### PROBLEM REQUIREMENTS:
Output the lines of the records exactly, from the first through the one containing "Monument Valley is". Omit all pictures.

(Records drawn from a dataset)
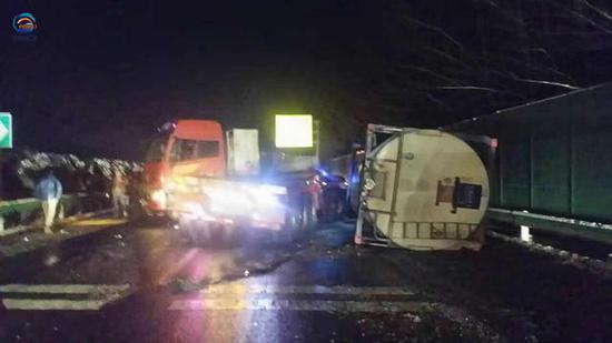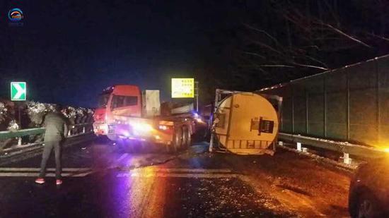 截止到今天早上八點,鄭少高速 登封段事故高速交警和路政都在現場處理。
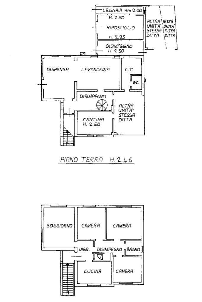 L'immobile principale si sviluappa tutto al piano primo alla quale accediamo tramite una scala esterna. Arrivati all'ingresso, troviamo un ampio soggiorno luminoso, garzie alla sua esposizione sud- est, con cucina separata abitabile, tre camere da letto di cui due matrimoniali e una doppia e bagno finestrato con doccia.
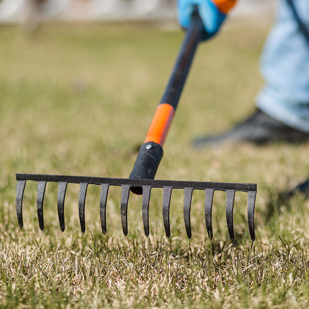 Прямые зубья отлично удерживают сухой мусор, что увеличивает скорость работы. Металлический черенок надежно зафиксирован и обеспечивает комфортную работу.
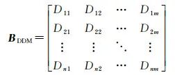 式中,i为面片Mi的序号(i=1, 2, …,m);j为水深采样点或待插点Pj的序号(j=1, 2, …,n)。连接规则ξ作为构成DDM的数据结构,可以是呈规则分布的格网或不规则分布的三角网。特别地,当ξ为正方形或矩形时,相应的DDM称为规则格网DDM(GRID_DDM)。由于正方形或矩形的规则性,格网点的平面位置(x, y)隐含在格网的行列号i、j中,此时的DDM就相当于一个n×m的水深矩阵,记为BDDM
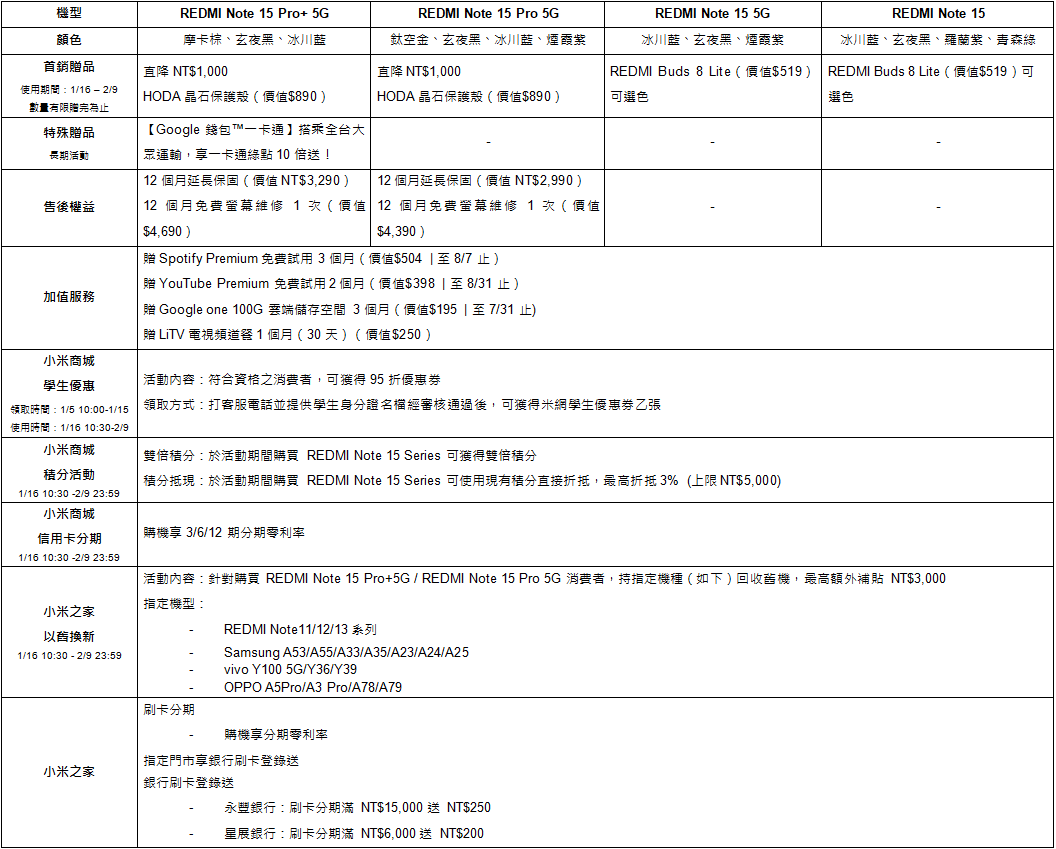 於小米商城 mi.com、蝦皮商城小米旗艦店、PChome 24h 購物小米旗艦館、momo 購物網小米旗艦館、Yahoo 購物中心小米旗艦館、東森購物網小米旗艦館、7-ELEVEN i 預購小米旗艦館,以及小米之家等指定通路購買 REDMI Note 15 Pro+ 5G 或 REDMI Note 15 Pro 5G 即可享新機直降 1,000 元,並加贈 HODA 晶石保護殼乙個。購買 REDMI Note 15 5G 或 REDMI Note 15 則加贈 REDMI Buds 8 Lite。
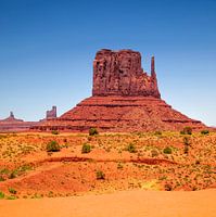 Monument Valley is een vlakte op het Colorado Plateau aan de zuidgrens van de Amerikaanse staat Utah met Arizona. Het ligt in het Navajo Nation Reservaat. Het landschap heeft als achtergrond gediend voor vele films. Hier is een prachtig vierkant uitzicht met een van de beroemdste verhogingen, de East Mitten Butte en de Merrick Butte. Een prachtig landschap om van te genieten!
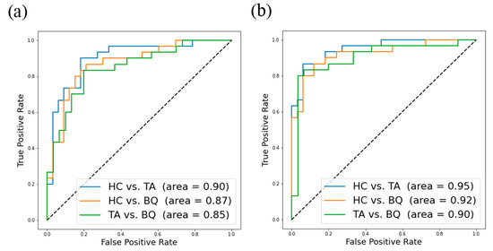 ROC curves and AUC of LR with (a) mfALFF (HC vs. TA, HC vs. BQ, and TA vs. BQ) and (b) mReHo (HC vs. TA, HC vs. BQ, and TA vs. BQ).
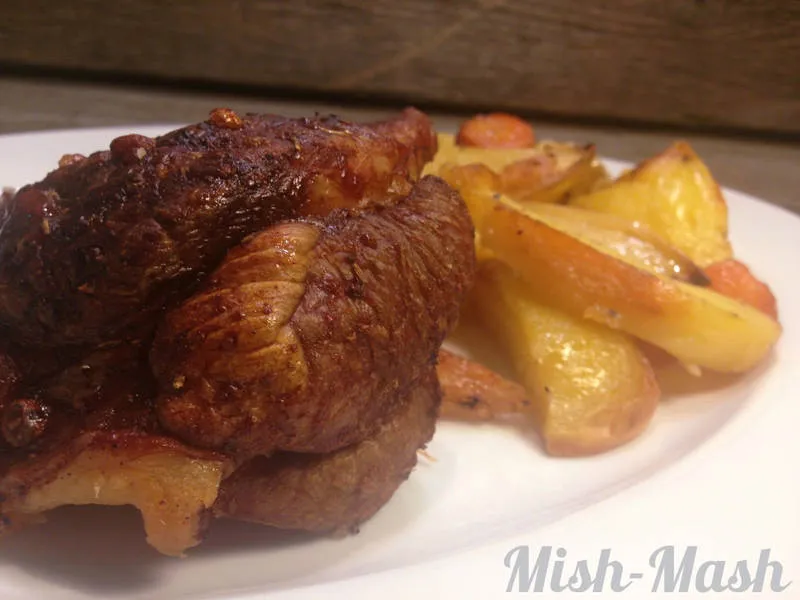 Шпикован свински джолан със зеленчуци
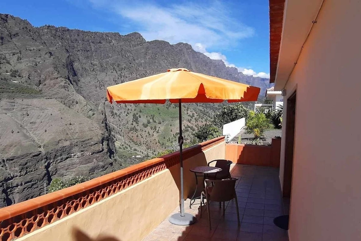 Dem Haus vorgelagert ist eine schöne Terrasse mit fantastischem Blick auf den gegenüberliegenden Bergrücken El Time, in die Caldera de Taburiente, auf den Atlantik und Puerto Tazacorte.
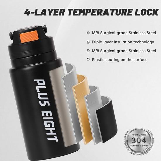 采用双层18/8不锈钢材质,不含BPA,无毒无害,可保温12小时,保冷24小时。宽口设计易于清洗,让您轻松快速地装入冰块或水果。吸管盖带有防尘盖,可在两次使用之间保持吸嘴清洁并盖好,同时还配有一个方便的小杠杆,可以轻松快速地翻开吸嘴,而无需用手指撬开。采用倾斜角度设计的自动翻转吸嘴盖,更适合单手饮用,吸嘴可使大量水流出而无需过大的吸水力。
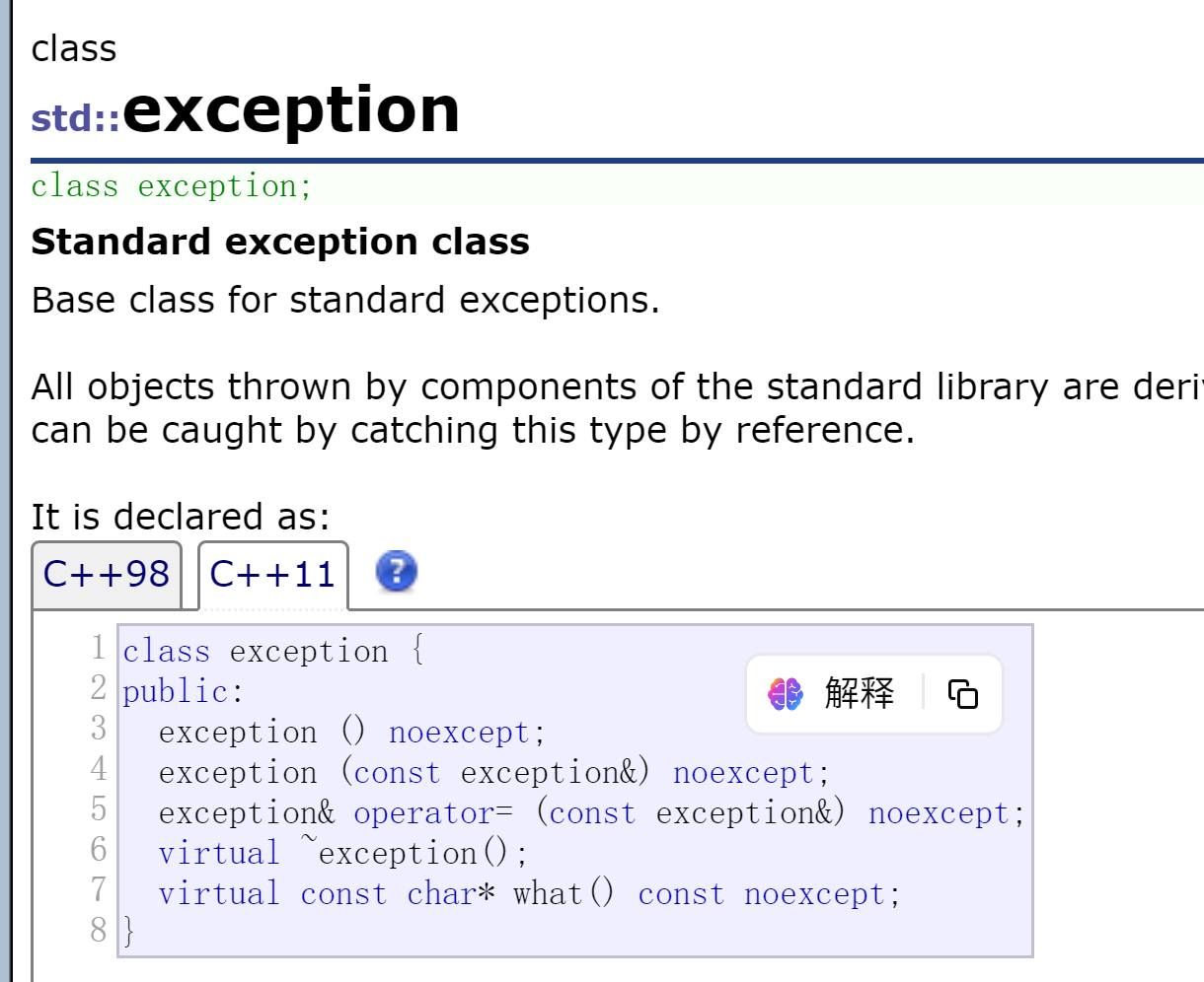 - C++98的方式这种方式过于复杂,实践中并不好用,C++11中进行了简化,函数参数列表后面加noexcept表示不会抛出异常,啥都不加表示可能会抛出异常。
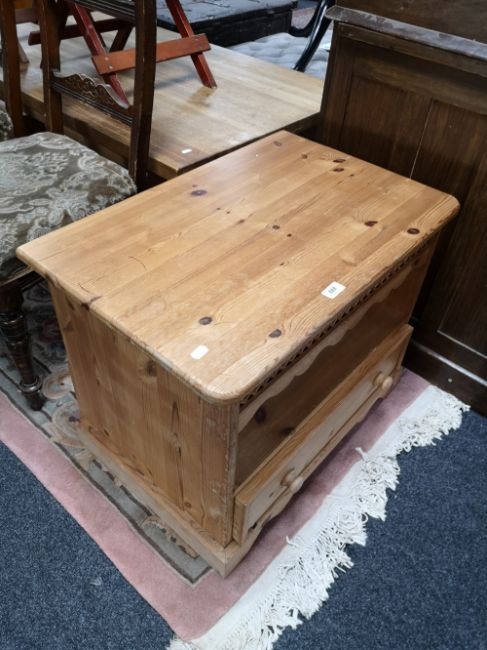 A pine entertainment stand fitted with a drawer

### WRITTEN SOLUTION:
 截止到今天早上八點,鄭少高速 登封段事故高速交警和路政都在現場處理。
 L'immobile principale si sviluappa tutto al piano primo alla quale accediamo tramite una scala esterna. Arrivati all'ingresso, troviamo un ampio soggiorno luminoso, garzie alla sua esposizione sud- est, con cucina separata abitabile, tre camere da letto di cui due matrimoniali e una doppia e bagno finestrato con doccia.
 Прямые зубья отлично удерживают сухой мусор, что увеличивает скорость работы. Металлический черенок надежно зафиксирован и обеспечивает комфортную работу.
 式中,i为面片Mi的序号(i=1, 2, …,m);j为水深采样点或待插点Pj的序号(j=1, 2, …,n)。连接规则ξ作为构成DDM的数据结构,可以是呈规则分布的格网或不规则分布的三角网。特别地,当ξ为正方形或矩形时,相应的DDM称为规则格网DDM(GRID_DDM)。由于正方形或矩形的规则性,格网点的平面位置(x, y)隐含在格网的行列号i、j中,此时的DDM就相当于一个n×m的水深矩阵,记为BDDM
 於小米商城 mi.com、蝦皮商城小米旗艦店、PChome 24h 購物小米旗艦館、momo 購物網小米旗艦館、Yahoo 購物中心小米旗艦館、東森購物網小米旗艦館、7-ELEVEN i 預購小米旗艦館,以及小米之家等指定通路購買 REDMI Note 15 Pro+ 5G 或 REDMI Note 15 Pro 5G 即可享新機直降 1,000 元,並加贈 HODA 晶石保護殼乙個。購買 REDMI Note 15 5G 或 REDMI Note 15 則加贈 REDMI Buds 8 Lite。
 Monument Valley is een vlakte op het Colorado Plateau aan de zuidgrens van de Amerikaanse staat Utah met Arizona. Het ligt in het Navajo Nation Reservaat. Het landschap heeft als achtergrond gediend voor vele films. Hier is een prachtig vierkant uitzicht met een van de beroemdste verhogingen, de East Mitten Butte en de Merrick Butte. Een prachtig landschap om van te genieten!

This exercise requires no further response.